Много усилий прилагал царизм в 70-е годы к тому, чтобы ослабить и обезвредить русскую политэмиграцию, но безуспешно. Заграничная агентура самодержавия тогда, как это лризнал в докладе царю от 20 августа 1878 г. и. д. шефа жандармов H. Д. Селиверстов, была «во всех отношениях слабой»[281], а попытки административного воздействия на эмигрантов не удались. Так, 21 мая 1873 г. через «Правительственный вестник» царизм обязал всех русских женщин, учившихся тогда в Цюрихе, вернуться до 1 января следующего года в Россию, дабы «коноводы нашей эмиграции» не вовлекли их «в вихрь политической агитации», а 5 мая 1874 г. вызвал на родину и самих «коноводов» (М. А. Бакунина, П. Л. Лаврова, Г. А. Лопатина, П. H. Ткачева, H. П. Огарева, H. И. Утина и др., всего— 19 человек) с угрозой наказать их за неявку «по всей строгости законов»[282]. Ho женщины, хоть и вернулись, успели пройти сквозь «вихрь политической агитации» и на родине почти все подключились к «хождению в народ» [283], «Коноводы» же на царский зов не откликнулись.

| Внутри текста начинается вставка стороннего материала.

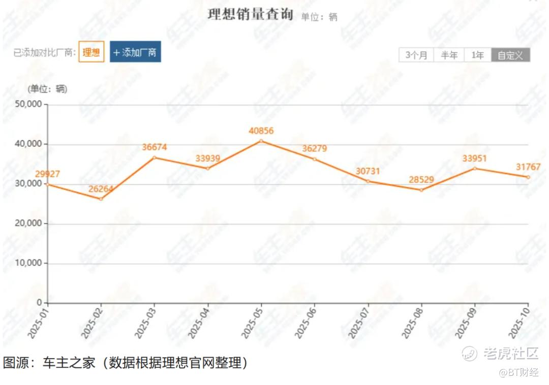 理想公布的2025年10月销量显示,10月销量为3.18万辆,同比下降38.25%。前10个月交付32.89万辆,同比下降16.36%。理想此前为2025年定下的年度销量目标是70万辆,但后来将销量目标下调至64万辆。即便是年度销量目标下调至64万辆,前10个月的总销量为32.89万辆,完成目标任务的51.39%。在全年仅剩不到2个月的情况下,想要完成31.11万辆的销量,平均每月要卖出15.6万辆,前10个月中销量最高的5月也只有40856辆,其他9个月的销量均在4万辆以下,其中还有3个月销量低于3万辆,想要单月销量15.6万辆面临挑战。

Итак, устранив П. А. Шувалова, царизм после некоторых колебаний вновь свел борьбу с крамолой к шуваловскому способу всеобъемлющих репрессий. А. Л. Потапов для такого способа не подходил. K тому же у него открылось «разжижение мозга», которое вскоре перешло в «буйное помешательство»[284]. 30 декабря 1876 г. новым шефом жандармов был назначен Николай Владимирович Мезенцов — каратель шуваловского склада, который даже на близких к нему людей производил впечатление «сонного тигра» [285]. Он не только усугубил репрессии, но и по-своему упорядочил их: в частности, вычеркнул из списка поднадзорных Александра Сергеевича Пушкина [286] и возобновил официально снятый было 9 июля 1875 г. надзор за Ф. М. Достоевским [287]. Однако Me- зенцов не успел раскрыть в полной мере свой палаческий дар: 4 августа 1878 г. кинжал Кравчинского сделал «сонного тигра» мертвым.

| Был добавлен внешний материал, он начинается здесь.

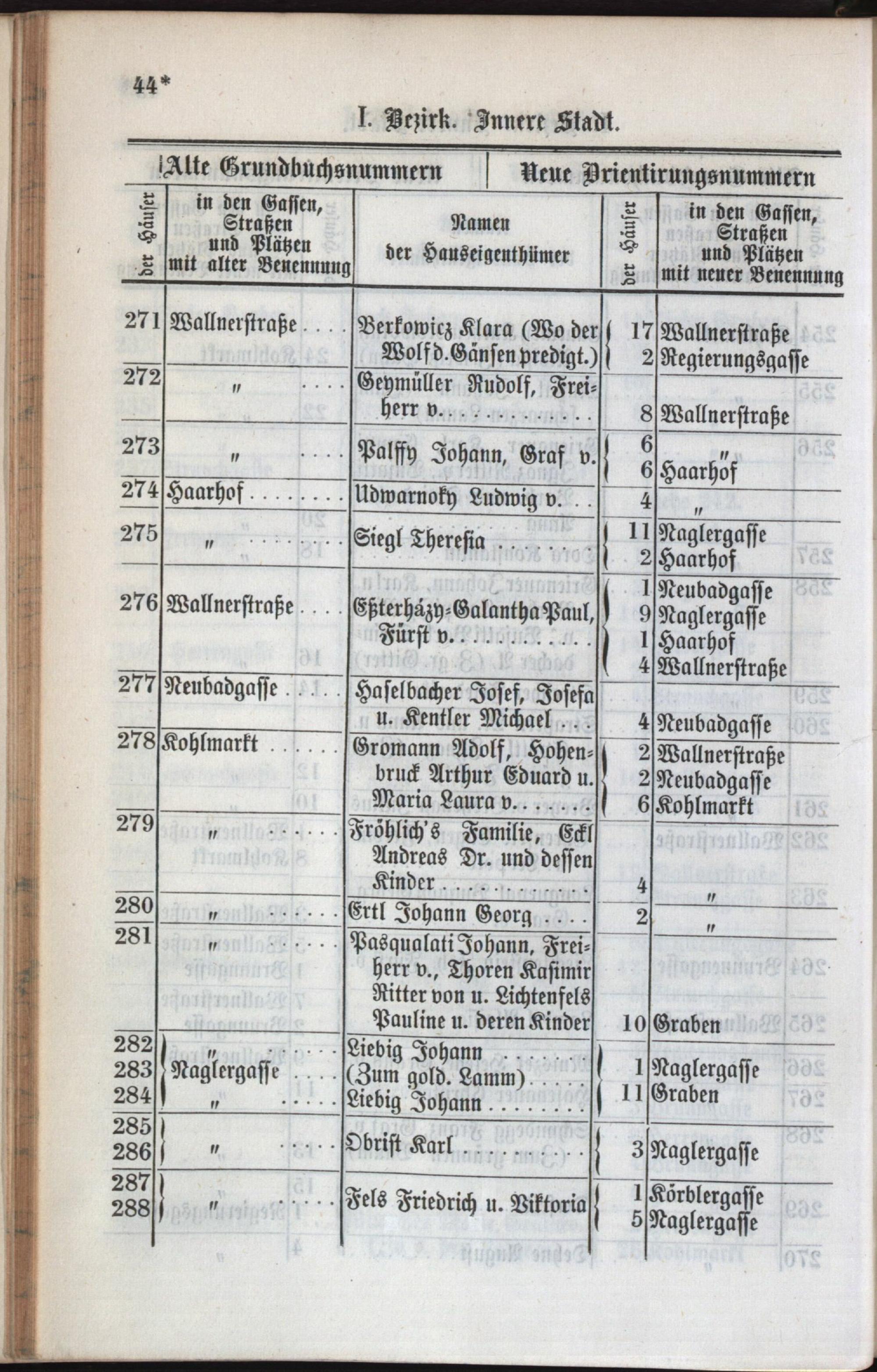1: Stadt : Nachweis der alten und neuen Benennungen der Gassen, Straßen und Plätze in alphabetischer Ordnung

B целом все попытки царизма с 1869 до 1878 г. задушить революционную пропаганду в России потерпели крах. Пропаганда росла и вглубь, и вширь. Преемник Мезенцова H. Д. Селиверстов во всеподданнейшем докладе от 30 сентября 1878 г. мог предложить царю только такое утешение: «Общее положение дел, относящихся до распространения пропаганды в России, отменно серьезно, но не безвыходно». Царь в тон своему и. д. шефа жандармов заметил на полях доклада: «Грустно было бы думать противное» [288].